BEGIN TASK INPUT

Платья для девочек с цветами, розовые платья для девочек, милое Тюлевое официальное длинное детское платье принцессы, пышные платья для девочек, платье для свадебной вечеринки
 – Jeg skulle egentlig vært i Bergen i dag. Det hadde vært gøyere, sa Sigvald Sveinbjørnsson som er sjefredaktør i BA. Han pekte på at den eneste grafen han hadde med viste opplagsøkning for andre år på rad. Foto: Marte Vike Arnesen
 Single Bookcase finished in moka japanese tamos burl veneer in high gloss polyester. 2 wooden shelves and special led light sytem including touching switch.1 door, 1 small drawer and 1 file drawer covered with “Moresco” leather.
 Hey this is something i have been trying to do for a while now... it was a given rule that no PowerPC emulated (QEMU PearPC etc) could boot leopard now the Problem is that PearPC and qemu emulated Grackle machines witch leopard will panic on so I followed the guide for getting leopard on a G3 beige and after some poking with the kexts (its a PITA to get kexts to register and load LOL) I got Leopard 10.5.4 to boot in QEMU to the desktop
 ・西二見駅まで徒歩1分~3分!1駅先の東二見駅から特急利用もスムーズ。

END TASK INPUT
BEGIN TASK INPUT

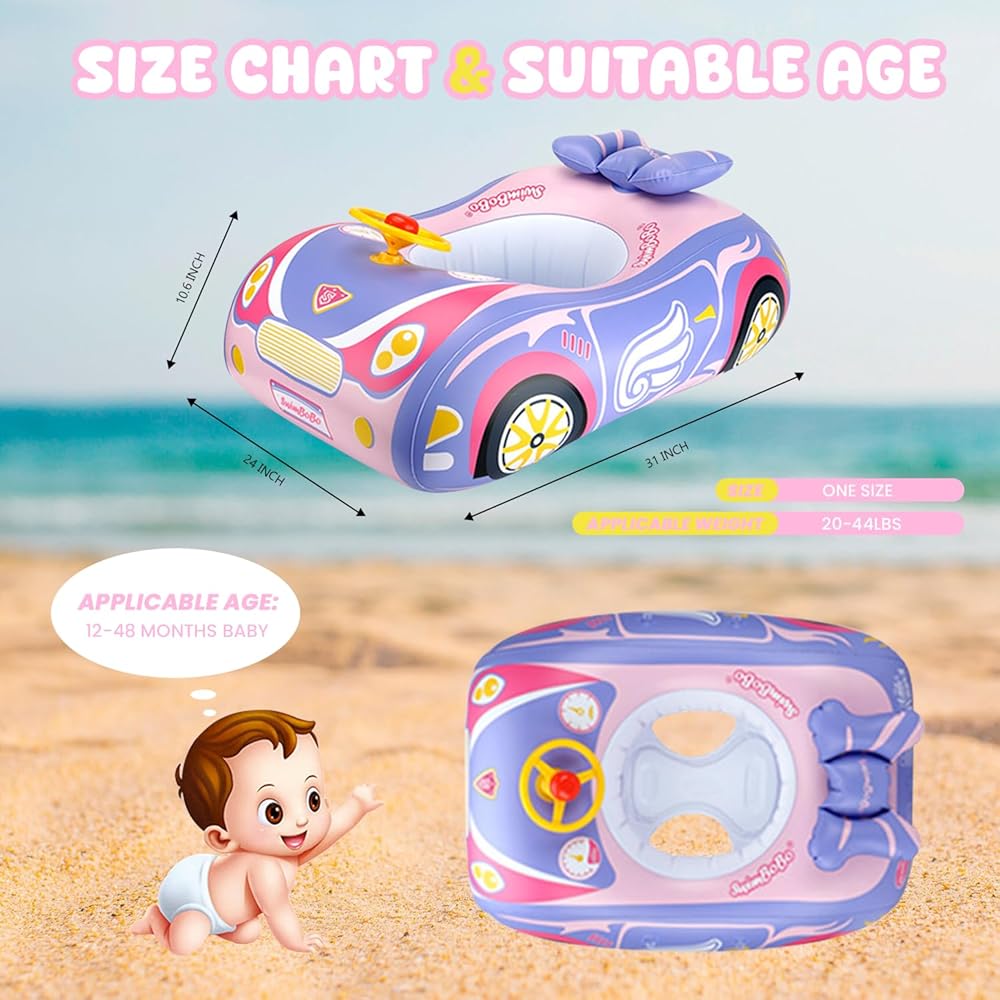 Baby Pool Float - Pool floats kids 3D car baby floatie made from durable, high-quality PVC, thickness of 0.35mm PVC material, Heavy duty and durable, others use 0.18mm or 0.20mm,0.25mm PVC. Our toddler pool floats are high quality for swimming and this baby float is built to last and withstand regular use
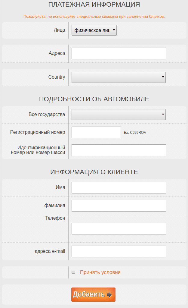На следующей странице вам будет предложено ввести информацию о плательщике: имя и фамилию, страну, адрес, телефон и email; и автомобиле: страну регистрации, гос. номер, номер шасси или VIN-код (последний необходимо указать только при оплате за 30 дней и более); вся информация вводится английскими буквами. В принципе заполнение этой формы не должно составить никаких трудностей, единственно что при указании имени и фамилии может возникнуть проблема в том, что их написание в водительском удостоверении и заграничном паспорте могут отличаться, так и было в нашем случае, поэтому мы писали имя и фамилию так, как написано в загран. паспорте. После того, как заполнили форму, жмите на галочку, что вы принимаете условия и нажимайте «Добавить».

END TASK INPUT

PROBLEM DETAILS >> Quote the listing above, but only from the line that shows "Платья для девочек с" through the line that shows "Marte Vike Arnesen".

SOLVED PROBLEM >>
Платья для девочек с цветами, розовые платья для девочек, милое Тюлевое официальное длинное детское платье принцессы, пышные платья для девочек, платье для свадебной вечеринки
 – Jeg skulle egentlig vært i Bergen i dag. Det hadde vært gøyere, sa Sigvald Sveinbjørnsson som er sjefredaktør i BA. Han pekte på at den eneste grafen han hadde med viste opplagsøkning for andre år på rad. Foto: Marte Vike Arnesen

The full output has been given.